Of all the harsh winters of the last two centuries perhaps none will be remembered longer than the winter of 1976-77, when the Chesapeake froze so hard for so long that large portions of Maryland and Virginia were declared federal disaster areas. Supplies of heating fuel fell to critical levels as tankers and barges became icebound or ran aground. Watermen once more could only wait and worry as their boats remained stuck in the harbor and their debts mounted as slowly and steadily as the ice. More than 5,000 idled seafood industry workers became eligible for federal assistance.

Recreational boaters and marina owners were equally helpless against the elements as ice lifted pilings and piers out of the water and grew so thick in cockpits that only sledgehammers and chain saws could budge it. The Coast Guard had similar difficulties maintaining navigational aids. The cutter Madrona, for example, spent more than an hour freeing just one Craighill Channel buoy, then repairing and repositioning it. Coast Guardsmen used everything from chemicals and chisels to baseball bats and even shotguns in their battle against the ice.

Ice was reported a foot thick in the upper Bay's main stem, and twice that in some tributaries. A covering up to 18 inches halted commercial fishing in Virginia, where large vessels required Coast Guard interference to plow narrow passages through the ice. The nuclear power plant at Surry, Va., closed when ice floes on the James River clogged its water intake screens. Although the suffering was Bay-wide, the cold undoubtedly dealt the Eastern Shore the worst hand. After several oil barges were stranded and one cutter broke down, the Coast Guard halted all navigation in Tangier Sound. Thereafter helicopters dangling barrels of oil delivered their cargo gingerly to Smith and Tangier islanders. On January 20, the National Guard airlifted 3,000 pounds of food and 15 cartons of medical supplies to the islands via helicopter, promising another delivery the following week.

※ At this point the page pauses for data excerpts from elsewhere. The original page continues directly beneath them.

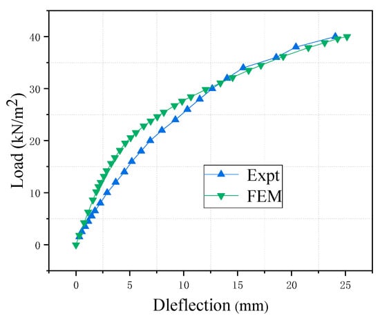 Figure 14 demonstrates the simulation results of load–strain curves concrete at bottom plank. As shown, the numerical curves are compared to the experimental results, where numerical results show satisfactory accuracy within the band corresponding to the experimental results, verifying the reliability of the proposed numerical model. The detailed comparison between numerical and experimental results are given in Table 2. As proposed in Table 2, the maximum error is 7.6%, which further indicates accurate simulation results. The midspan load–deflection curve of the composite slab shows the deformation development under the load. Figure 15 demonstrates the comparison between the simulation results and the test results of the load–deflection curve of the mid-span of the composite slab. The simulated maximum deflection of the midspan is 25.13 mm, and the experimental maximum deflection is 24.07 mm. The result is in agreement with the experimental result, which testify correctness and effectiveness of the proposed numerical model.
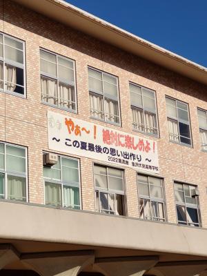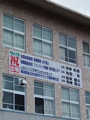 学校正面の壁面に大きな垂れ幕が登場しました。
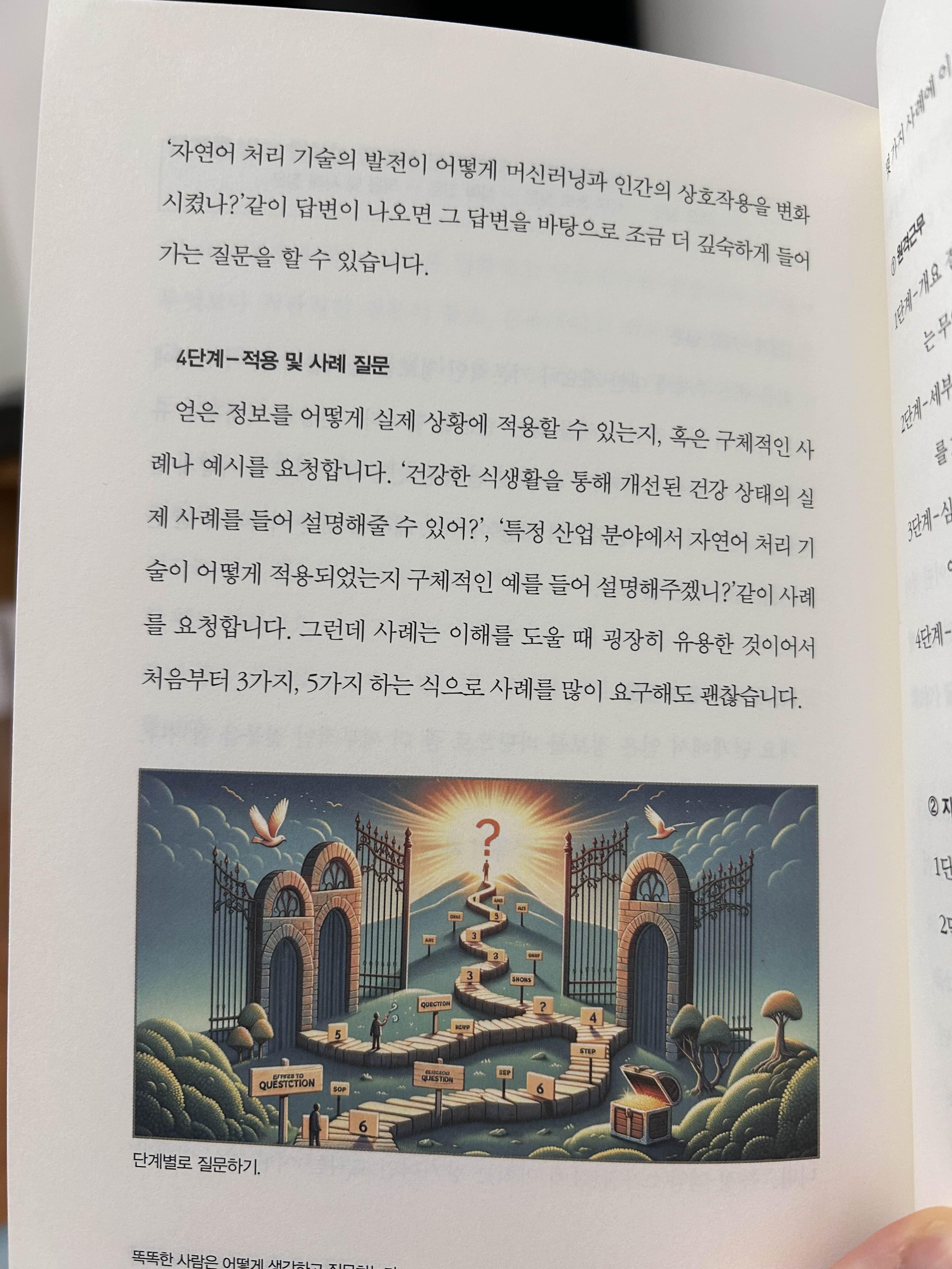 책을 읽어야 하는 또 하나의 이유는 포인트와 포인트를 연결해주면 결과가 구체적이 되기 때문에, 유용한 방법이라는 것이죠. 여기서 포인트는 지식입니다. 그냥 물어보는 것이 아니라, 자신의 지식을 활용해서 포인트를 세우고, 그 포인트들을 이어서 맥락을 만들어 물어보는 겁니다. 그러면 답변의 방향이 뾰족해지면서 자신이 원하는 결과에 가깝게 나올 확률이 높아지는 거죠.
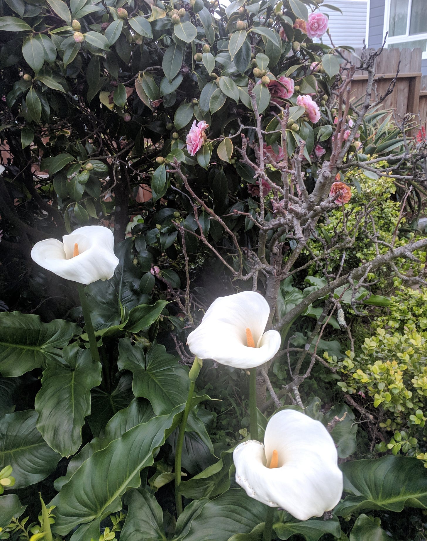 The quince in the backyard suddenly has leaves. The pear trees have buds, the camellia their first pink puffs. The calla lilies are dotting the otherwise green yard with their soft white unfurling. My nemesis oxalis spreads its buttery yellow blossoms in its quest to take over the world. All according to their internal programming. Not talking themselves out of it. Sticking to the plan they made when they were still a seed, a rhizome, knowing this plan would allow them to have the conditions they need to blossom.
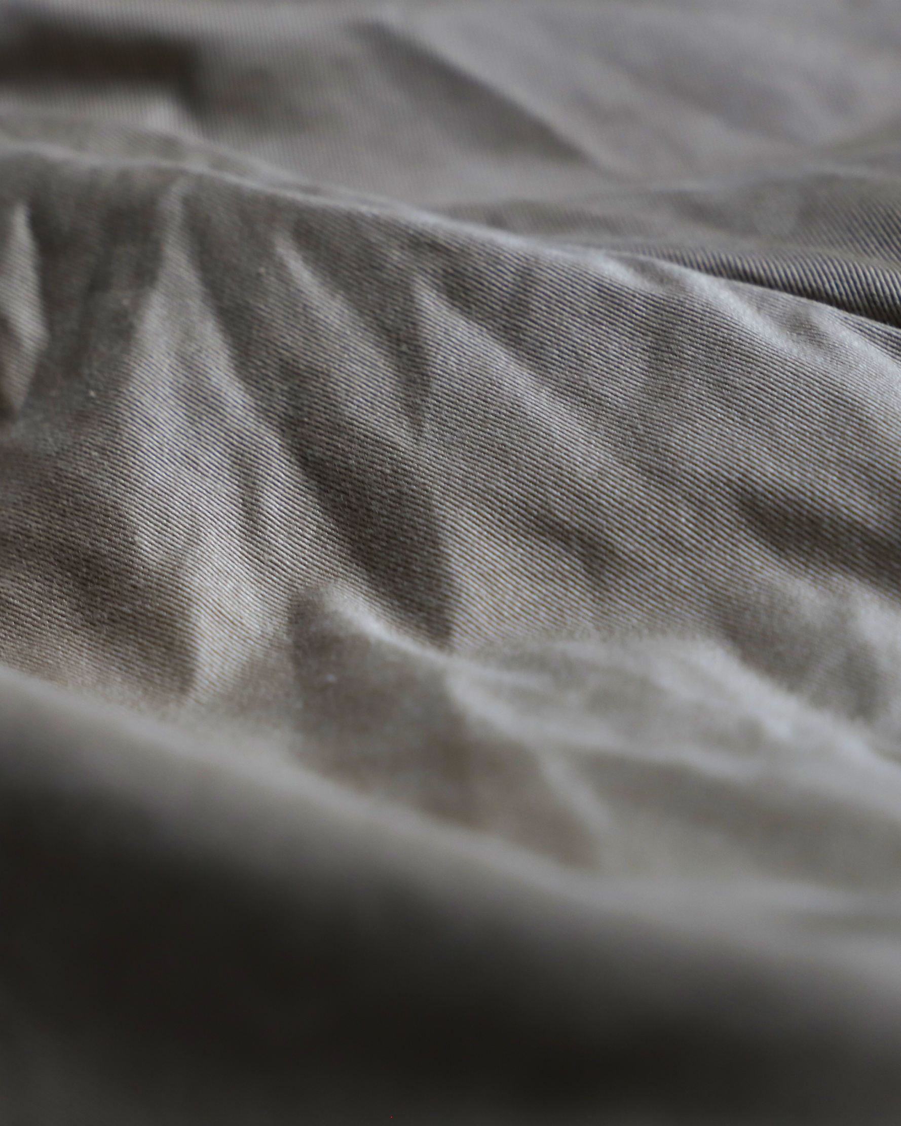 前述のような加工後も、ウエポン素材らしい控えめな光沢感は失っておらず、非常にカジュアルな仕様のパンツながら上品さは健在です。

From late December to mid-February, temperatures were below freezing for 58 consecutive nights, according to Crisfield resident and photojournalist Norris "Scorchy" Tawes, who photographed the island airlifts. National Weather Service records show the chill bottoming out on January 17, 1977. On that day, Somers Cove Marina in Crisfield, Md., registered a high of 29 degrees that day and a low of 5 - though that was downright balmy compared to Chestertown's high of 14 and low of 3 below. Little wonder then that later that month the Coast Guard spotted a massive iceberg - 100 feet long, 40 feet wide and 20 feet tall - in the Bay just above the mouth of the Chester River. When asked by a Washington Post reporter what would be done about the island of ice, Coast Guard spokesman Russ Peridns said: "Mother Nature put it there and she's going to have to come and get it."

Icebergs in the Chesapeake? Perhaps Captain Goldie was right after all: During its worst winters the Bay does a pretty fair impersonation of the North Pole.